Here are some interesting stock market slags that are used by stock marketers.
How many of these slags did you actually know?? Let’s explore these.
Bulls used to explicitly relate to a market with an upward trend and a growth cycle, but they can now simply refer to an upbeat speculator who frequently makes long trades. Although there is no concrete evidence to support this, some people think that bull markets earned their name from the way bulls throw their enemies and spike their horns high.
A bear market, often known as a depressed and/or downward-trending market, is the opposite of a bull market. Similarly, a bullish trader or investor has optimistic views about a market, while bearish ones are gloomy.
Black swans, a phrase that has gained in use after Brexit, refer to an entirely unexpected and unforeseeable position. Black swans are as important as they are unexpected, and they must have a major influence on the market—often a negative one. The dot com bubble explosion in the 1990s and the world financial crisis of 2008 are two well-known examples of black swan events.

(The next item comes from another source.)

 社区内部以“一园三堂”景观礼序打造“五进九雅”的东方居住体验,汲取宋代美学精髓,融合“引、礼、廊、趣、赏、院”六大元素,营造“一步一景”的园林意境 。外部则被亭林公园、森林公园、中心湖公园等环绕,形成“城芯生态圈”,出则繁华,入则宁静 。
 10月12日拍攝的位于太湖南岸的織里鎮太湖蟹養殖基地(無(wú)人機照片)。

Whales are market movers and shakers with so much capital that their purchases and sales cause commotion in the marketplace in a way that only enormous animals can.

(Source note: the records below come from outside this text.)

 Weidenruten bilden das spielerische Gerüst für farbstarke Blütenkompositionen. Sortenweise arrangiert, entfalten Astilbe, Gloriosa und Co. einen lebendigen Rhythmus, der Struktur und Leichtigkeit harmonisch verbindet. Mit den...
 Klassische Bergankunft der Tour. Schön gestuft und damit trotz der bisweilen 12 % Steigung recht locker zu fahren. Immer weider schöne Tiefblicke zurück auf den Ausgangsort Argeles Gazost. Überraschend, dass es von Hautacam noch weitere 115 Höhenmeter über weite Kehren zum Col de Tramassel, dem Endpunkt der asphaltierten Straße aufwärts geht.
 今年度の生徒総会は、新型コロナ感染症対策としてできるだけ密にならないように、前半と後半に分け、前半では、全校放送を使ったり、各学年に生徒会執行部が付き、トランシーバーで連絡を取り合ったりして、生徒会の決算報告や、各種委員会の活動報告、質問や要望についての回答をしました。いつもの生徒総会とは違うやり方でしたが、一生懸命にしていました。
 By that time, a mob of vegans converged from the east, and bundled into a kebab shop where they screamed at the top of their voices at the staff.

Startups that have grown to be valued at $1 billion or more are known as unicorns, one of the most recent words used here. Some people might cynically speculate that they were given their unusual names since it is impossible to ever find one.
As one of the few words derived from an acronym, TIGR, or Treasury Investors Growth Receipt, tigers are unique. In the 1980s, Merrill Lynch bank developed and copyrighted this kind of Treasury bond. Although now mostly out of date, TIGRs were formerly well-liked because owners of “tiger” bonds were exempt from paying interest or taxes.
a trader who consciously veers away from trends or market sentiment. It is typically not advised for anyone other than the most seasoned market movers since, as traders like to say, “the trend is your friend.”
Inflate and dump
The unethical market manipulators employ the “pump and dump” strategy. By using techniques like bogus news, recommendations, and raving evaluations on a stock that they themselves have planted or created, they profit from a market’s upward trend. This is fraud, not a trading method. Fraudsters are imprisoned.